И империя, которая могла бы еще оставить христианство незамечаемым, пока оно представляло собою просто высшую форму нравственности или даже общественного порядка, не могла не заметить его, когда оно объявляло себя в качестве всеобщей и обязательной формы. Когда оно заявило, что оно есть истина, Рим, прежде всего, спросил: «Что есть истина?». Когда же оно стало настаивать на праве истины подчинять себе людей, Рим ответил на это гонениями. А христианство между тем настойчиво и постоянно проповедовало об обязанности каждого члена в государстве (будет ли он облечен властью или нет) признавать эту истину, свидетельствовать о ней и, если нужно, умирать за нее. Теперь становится понятным тот интерес, который всегда возбуждал в исследователях Пилатов вопрос об истине. Вопрос этот был выражением не философа и не государственного человека, а просто типической «фразой тогдашнего образованного римлянина». И именно потому, что это было так, вопрос: «что есть истина?» открывает пред нами ту наклонную плоскость, на которой могущественный римский мир неудержимо катился тогда в пропасть. Римская республика — мы не должны никогда забывать этого — уже перестала веровать в свой собственный нравственный и общественный порядок. Этот факт несомненен, но слишком редко признается его великое значение. С грустью припоминается здесь Греция с ее исканием идеальной истины — исканием смелым и бесплодным, никогда не оканчивавшимся, всегда начинавшимся и проходившим по пустыням сомнения и морям умозрения под руководством неверных путеводных звезд. Греков сменило теперь племя более великое, величайшее, какое только знала земля, племя, призванное и готовившееся в течение долгих веков к труду управления миром, но пораженное внутренним бессилием вследствие недостатка побуждений и уповании — именно в то время, когда оно получило в свои руки распоряжение мировым наследством. Живо изображено состояние тогдашнего римлянина одним английским поэтом в следующей картине: «В своей прохладной зале, с угрюмыми глазами, лежит благородный римлянин; он катался с бешеной скоростью по Аппиевой дороге; он пировал, пил сильно и много и увенчал свои волосы цветами; но не легче и не скорее шли для него непослушные часы».
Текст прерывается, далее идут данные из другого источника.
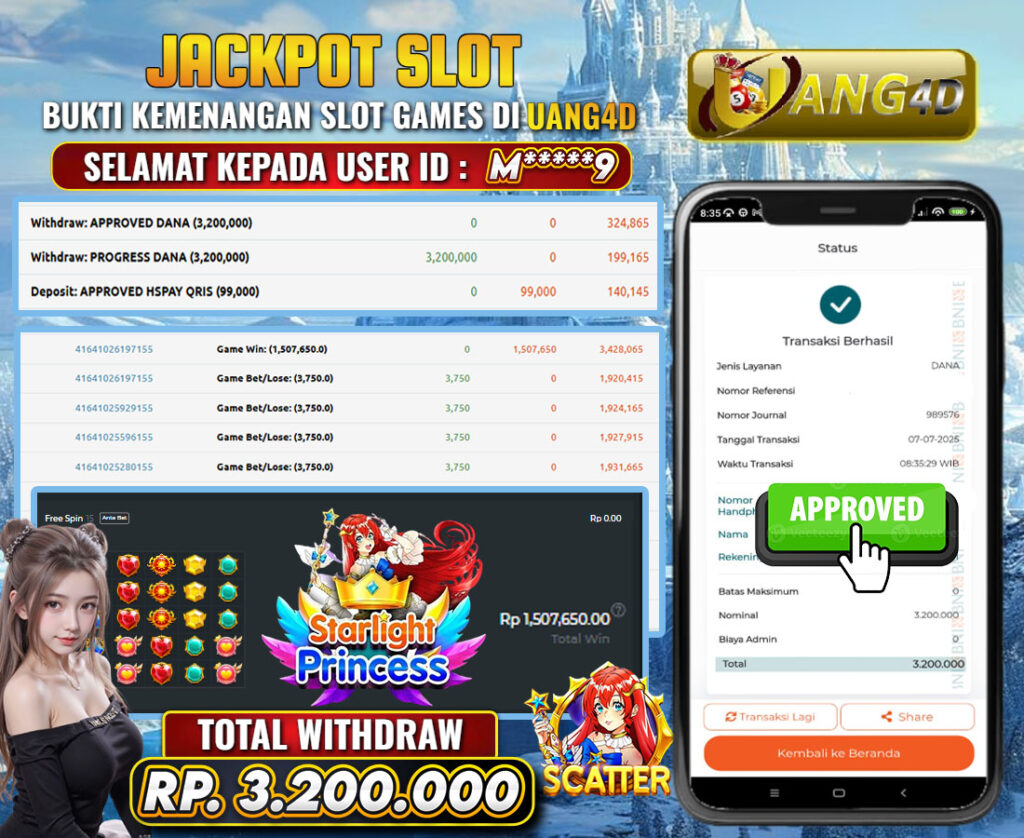 UANG4D –JACKPOT SLOT STARLIGHT PRINCES 7 JULI 2025, Kemenangan Slot, Bukti Kemenangan Slot, Kemenangan Slot Pragmatic Play, Menang Slot online, Slot Gacor, Situs Aman Terpercaya, Withdraw Berapapun Pasti DI Bayar Tuntas, Maxwin Slot Online.

Людьми овладело то нравственное утомление и пресыщение жизнью, которое продолжалось во все время империи и которое часто переходило в смертельную апатию или безотчетное отчаяние. Такое безотрадное нравственное настроение господствующего племени явилось неизбежным результатом новых обстоятельств, в которые оно было брошено судьбою. В прежние дни римлянин верил в самого себя, в своих богов, в свои учреждения и более всего в свое государство. Оно было для него theatrum satis magnum (достаточно великим зрелищем), его знаменем, его законом, его правдой. Он был справедлив, хотя суровым, неумолимым образом. Но теперь мир вырос в ширину. И то, что было достаточно для добродетели в прежние времена, сделалось недостаточным для добродетели теперь. Вера области, религия племени сделалась слишком узкой для мира; она необходимо пала и оставила владык земли с сильными руками и пустыми сердцами, скептиками в отношении к истине и потому отпадающими от правды закона.
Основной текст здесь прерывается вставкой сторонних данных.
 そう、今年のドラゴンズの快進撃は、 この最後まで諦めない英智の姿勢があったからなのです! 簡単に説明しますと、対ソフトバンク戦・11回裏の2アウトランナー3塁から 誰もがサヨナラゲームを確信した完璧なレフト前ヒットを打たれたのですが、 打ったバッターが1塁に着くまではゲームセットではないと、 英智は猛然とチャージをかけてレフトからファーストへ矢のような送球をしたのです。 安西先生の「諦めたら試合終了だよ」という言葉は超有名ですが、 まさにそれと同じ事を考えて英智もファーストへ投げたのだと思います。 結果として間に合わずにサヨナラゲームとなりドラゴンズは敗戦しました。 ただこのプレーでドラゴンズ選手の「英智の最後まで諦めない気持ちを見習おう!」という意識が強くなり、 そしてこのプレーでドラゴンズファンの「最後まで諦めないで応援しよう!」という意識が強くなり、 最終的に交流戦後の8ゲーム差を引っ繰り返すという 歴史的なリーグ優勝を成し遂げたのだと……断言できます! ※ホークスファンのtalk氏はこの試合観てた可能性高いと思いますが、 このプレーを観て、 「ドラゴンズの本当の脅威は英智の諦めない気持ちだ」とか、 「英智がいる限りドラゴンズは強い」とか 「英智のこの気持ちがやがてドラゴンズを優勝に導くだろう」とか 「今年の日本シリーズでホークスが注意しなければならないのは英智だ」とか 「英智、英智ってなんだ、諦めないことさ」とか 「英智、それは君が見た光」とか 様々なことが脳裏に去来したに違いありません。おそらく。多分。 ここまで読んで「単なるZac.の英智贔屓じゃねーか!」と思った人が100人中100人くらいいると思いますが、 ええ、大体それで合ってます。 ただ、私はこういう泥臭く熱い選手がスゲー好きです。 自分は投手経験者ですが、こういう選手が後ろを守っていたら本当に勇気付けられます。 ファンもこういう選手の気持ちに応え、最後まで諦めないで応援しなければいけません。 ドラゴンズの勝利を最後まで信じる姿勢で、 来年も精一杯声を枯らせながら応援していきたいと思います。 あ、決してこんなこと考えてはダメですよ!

Что таково было положение вещей уже в царствование Тиверия, это признано историками. И понятно, что оно было очень неблагоприятно для усвоения начал высшего нравственного и социального порядка, внесенных христианством. Было бы довольно несправедливо и жестоко требовать, чтобы Пилат, или Плиний, или какой-нибудь римский сановник отрекся от высшего порядка нравственности, одобряемого его совестью, просто потому, что его государство веровало в низший. Но было бы еще более жестоко требовать, чтобы такой сановник отрекся от этой высшей нравственности или религии после того, как он и его государство перестали веровать в низший род их. И величайшим несчастием при таких обстоятельствах была бы для судьи его обязанность воздвигнуть систематическое гонение на убеждения, заведомо высшие, просто для того, чтобы подавить в зародыше всякое восстание против узаконенного исповедания веры, в котором начали сомневаться он и все люди. Вероятно, ничто не возбуждает в человеческом духе такого омерзения, как государство, воздвигающее преследование за веру, которую само оно начало уже утрачивать. И, однако, такие явления всего вероятнее могли случаться и случались в это время.